Anant Rangaswami, February 12, 2021

I’m going to attend Clubhouse sessions with the same enthusiasm and hope with which I attended Stream sessions.

I strongly believe that, to figure out whether a ‘digital’ idea would work, transport the idea to an analog world and check if it works.

If it works in analog, it’ll work in digital.

Considering that understanding media is what puts food on my dining table, when Clubhouse launched, I was hoping to get an invitation soon. I did, thanks to my brother, JP Rangaswami.

So I began my voyeur-ing on Clubhouse. I went from room to room, trying to figure out what was happening.

Interesting and intimidating, both. And I came away with the feeling, as I participated in a few discussions, that Clubhouse could, dangerously, be reduced to a digital focus group discussion, where extroverts rule and the introverts are left to fend for themselves.

And I tried to think of what would happen if Clubhouse operated in an analog world.

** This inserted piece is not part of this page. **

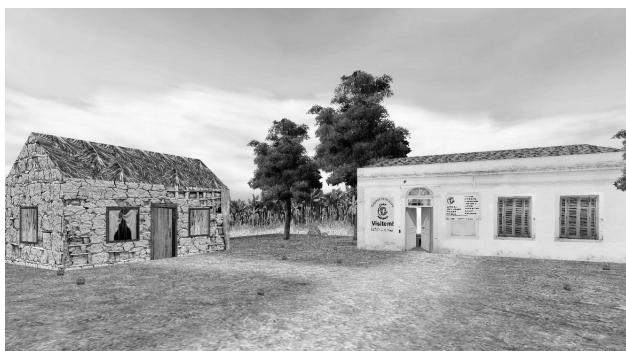
FIGURE 1: Main scenario of the Chagas disease media. "Entering" the house, the user will have access to information about the disease, through animations, videos and audios. The building on the right illustrates the education and dissemination sector of our research center, and there "entering" the user will have access to information about the methods and equipment used in research on the treatment and diagnosis (all images are originally displayed in color).

Audio and writing are available in Brazilian Portuguese: translations for other languages are welcome.

And it suddenly struck me: I KNOW THE ANALOG CLUBHOUSE. I’ve been there, I’ve taken part in it, I’ve profited from it, I’ve loved it.

The analog Clubhouse I’ve been to is at WPP Stream, WPP’s spectacular unconference that I’ve been lucky to have been invited to many times.

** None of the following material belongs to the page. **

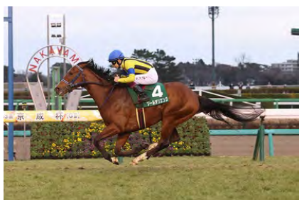
Sol Oriens, winner of 2023 Keisei Hai

( JPN, C3, by Harbinger ), respective winners of the Keisei Hai (G3, 2,000m) in January, the Kisaragi Sho (G3, 2,000m) in February and the Kyodo News Hai (G3, 1,800m) also in February.

I’ve written about my experiences there, and, if you have the time, take a dekko at my thoughts here:

There are two significant areas where the Discussions (with a capital ‘D’) at Stream are better than the discussions on Clubhouse.

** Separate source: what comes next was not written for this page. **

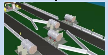
Semi-manual Barrier.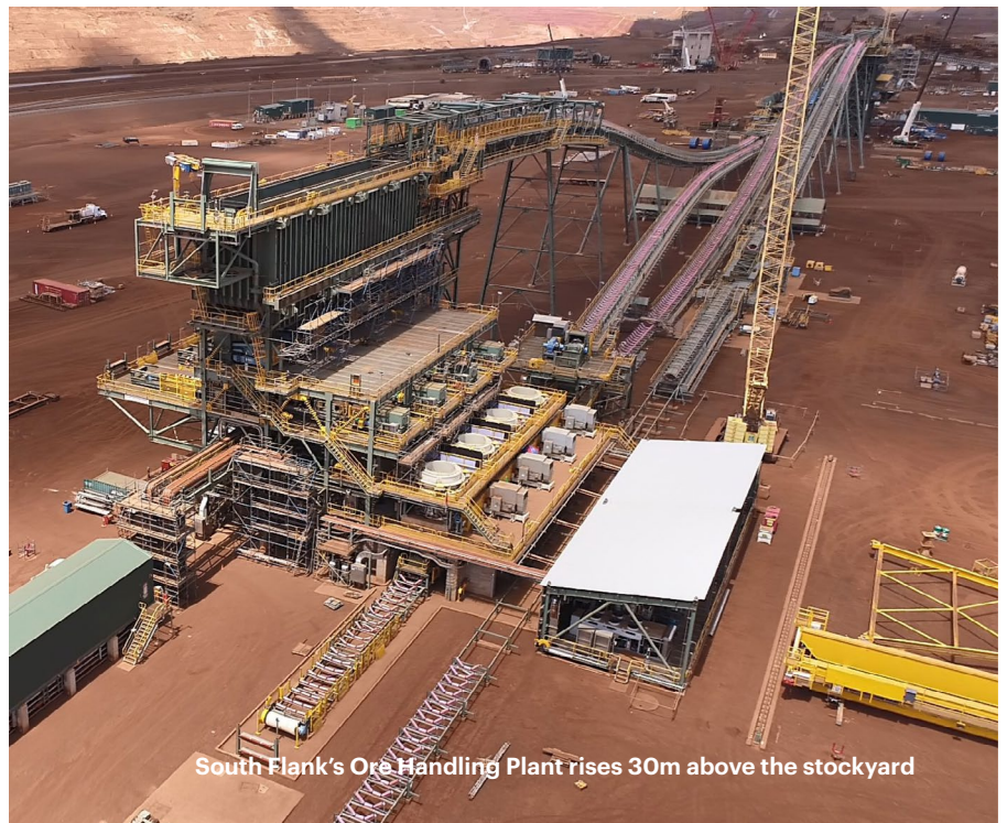
South Flank's Ore Handling Plant rises 30m above the stockyard

Around 9000 direct and indirect jobs have been created during construction and more than 600 ongoing operational roles will be required during the life of the mine.

The first is the discovery of the deliberations. At Stream, an analog whiteboard tells you what is going on, in which room and when. Discovery of discussions that might interest is easy and non-intimidating. While Clubhouse cannot put up a ‘board’ for the thousands of discussions you could find there simultaneously, serious time and thought need to be expended on improving the discovery experience.

The Analog Whiteboard At WPPStream

The second is the non-intimidation aspect. At Stream, every ‘participant’ has a voice and it is easy for the ‘moderator’ to bring them into the conversation, making the conversation the property of ALL the participants and not of just the extroverts and the famous. Clubhouse needs to figure out this aspect of inclusivity – and I don’t have the answer yet. At Stream, the problem is solved by the smaller sizes of the groups, by body language – and by old-world analog politeness. How this is replicated digitally is something that one needs to spend time on.

The other learning from Stream that Clubhouse could look at is the analog nature of post-discussion conversations. While each discussion had a ‘hard’ stop, breakaway groups, if they wanted, could carry on the discussions beyond the confines of the ‘room’ that has just been vacated.

I wrote this about Stream a few years ago. “And that’s the magic. Attending Stream is a leap of faith in the delegate list; you’re fairly sure that the conversations and talks will be thought-provoking, provocative and useful. And unpredictable.

It’s the unpredictability that I love. You’re surprised by scintillating thoughts from someone you haven’t heard of or met before, and there are many such at each Stream. Compare that with ‘normal’ conferences where you know precisely who will speak, on what subject and for how long.”

Clubhouse promises me the same. And I’m going to attend Clubhouse sessions with the same enthusiasm and hope with which I attended Stream sessions. And I hope to see you there, soon.